Mientras Nemmersdorf abría el camino, lo acaecido en el frente occidental resultaba un juego: pillaje, asesinatos de prisioneros, destrucción innecesaria de pueblos (de todo ello hay abundante documentación recopilada por los mismos americanos), o la difusión entre las tropas americanas del manualito Guía de bolsillo de Alemania, más las directrices añadidas por Eisenhower sobre el rigor extremo con que debía tratarse a la población alemana. Pese a las prohibiciones de todo género y a la criminalización colectiva del país ocupado (llegaron a la ridiculez de prohibir los cuentos de los Hermanos Grimm por nacionalistas), en el ambiente general predominaba la intención de rendirse a los americanos, nunca a los rusos.

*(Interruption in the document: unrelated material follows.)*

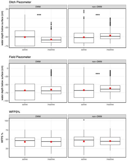 Box plot of the ditch piezometer, field piezometer and %WFPS in surface soil. Data were aggregated by treatment and board period. Asterisks indicate the significance of a Wilcoxon rank sum test for comparison between active DCS versus inactive DCS periods within each treatment (*** indicate p < 0.001; no asterisks indicate p > 0.05). Red squares represent means.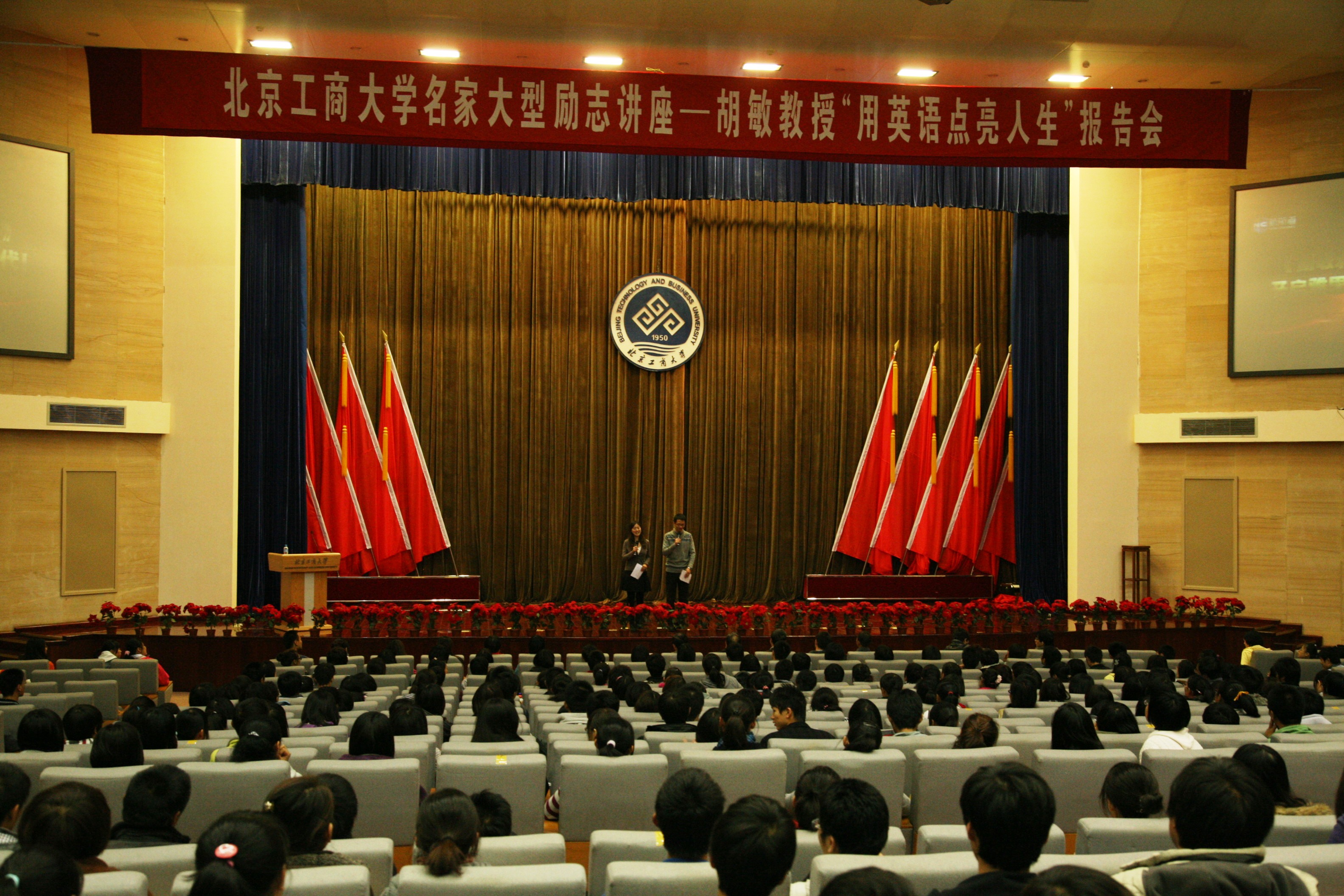 10月19日晚,名家大型勵志講座——胡敏老師“用英語點亮人生”大型公益報告會在我校良鄉校區舉行,報告會由校團委主辦,邀請了著名英語培訓專家、新航道國際教育集團總裁兼校長胡敏老師來我校做講座。校黨委副書記盧思鋒、團委書記呂良出席報告會。

De la merecida condena histórica de los nazis no hay dudas, de la bondad de todos los aliados sí hay unas cuantas. Un crimen no justifica otro y las brutales acciones de los Einsatzgruppen en pueblos y ciudades rusos no limpian todos los Nemmersdorf que después vendrían. Y tampoco hay razas superiores, ni culpas colectivas que deban arrastrar las generaciones venideras: las responsabilidades por crímenes son siempre individuales (Fuenteovejuna, en realidad, lo que busca es la exoneración general, muy a la española). No se puede liquidar el recuerdo de Nemmersdorf con la simpleza «Ellos empezaron, se lo merecían», argumentando con la profundidad de hinchas de fútbol. ¿Qué empezaron y quiénes empezaron? ¿Las niñas violadas y despanzurradas? ¿Los prisioneros franceses asesinados por la vesania de Stalin que veía colaboracionistas en cualquier mosca que volase? ¿Los quince mil soldados alemanes ejecutados por sus mandos por negarse a combatir por causas diversas? ¿El nulo entusiasmo del pueblo alemán el 1 de septiembre de 1939 ante el estallido de la guerra?

Los rusos tomaron definitivamente Nemmersdorf el 21 de enero de 1945 y allí erigieron un monumento con la leyenda «Gloria eterna a los héroes».

Serafín Fanjul es de la Real Academia de la Historia.